### WHAT YOU SHOULD DO:
From the first line to the last, return the data exactly, with no pictures.

### INPUT DATA:
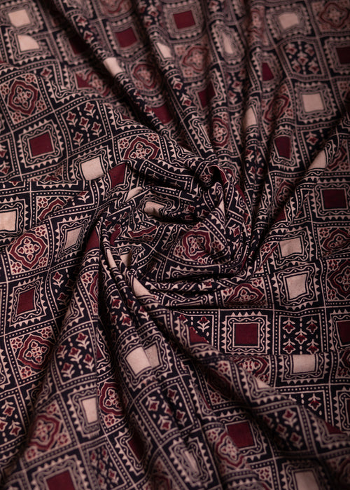 Maroon Block Printed Ajrakh Cotton Fabric
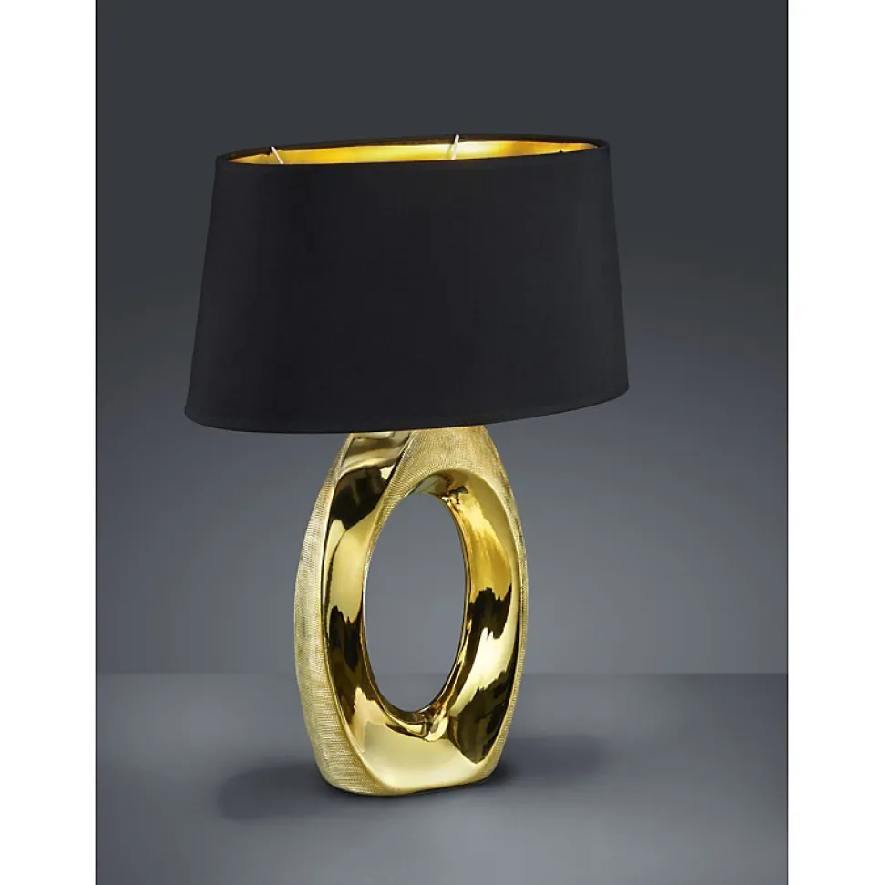 Les caractéristiques techniquesLa lampe de table Led Taba est constituée d’un pied en céramique dorée et d’un abat-jour en textile noir.Vous pourrez y adapter une ampoule Led culot E27 d’une puissance maximale de 60 watts pour le grand modèle ou une ampoule Led culot E14 pour le petit modèle. A vous de choisir son intensité et sa température de couleur afin de définir l’ambiance que vous souhaitez.Les avantages esthétiques La lampe à poser Taba de Trio a été conçue dans un esprit classique raffiné.Cette lampe Led a été pensée par les designers de la maison Trio dans un souci d’élégance.Son pied en céramique dorée et son abat-jour en textile noir intérieur doré donneront une touche chaleureuse à votre intérieur.Ce luminaire trouvera sa place dans votre salon ou salle à manger. Taba existe en deux versions : grand modèle – hauteur 52 cm – culot E27petit modèle – hauteur 33 cm – culot E14
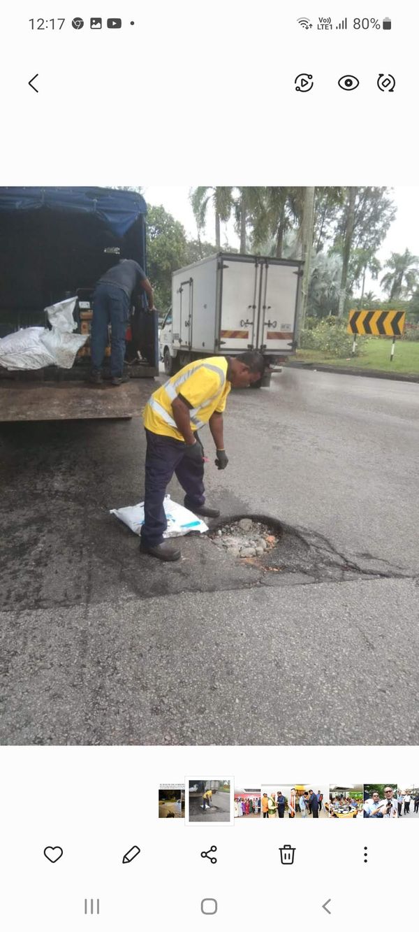 மன்றத் தரப்பினர் அச்சாலையில் காணப்பட்ட குழிகளை மூடி சீரான

### FINISHED TASK:
 Maroon Block Printed Ajrakh Cotton Fabric
 Les caractéristiques techniquesLa lampe de table Led Taba est constituée d’un pied en céramique dorée et d’un abat-jour en textile noir.Vous pourrez y adapter une ampoule Led culot E27 d’une puissance maximale de 60 watts pour le grand modèle ou une ampoule Led culot E14 pour le petit modèle. A vous de choisir son intensité et sa température de couleur afin de définir l’ambiance que vous souhaitez.Les avantages esthétiques La lampe à poser Taba de Trio a été conçue dans un esprit classique raffiné.Cette lampe Led a été pensée par les designers de la maison Trio dans un souci d’élégance.Son pied en céramique dorée et son abat-jour en textile noir intérieur doré donneront une touche chaleureuse à votre intérieur.Ce luminaire trouvera sa place dans votre salon ou salle à manger. Taba existe en deux versions : grand modèle – hauteur 52 cm – culot E27petit modèle – hauteur 33 cm – culot E14
 மன்றத் தரப்பினர் அச்சாலையில் காணப்பட்ட குழிகளை மூடி சீரான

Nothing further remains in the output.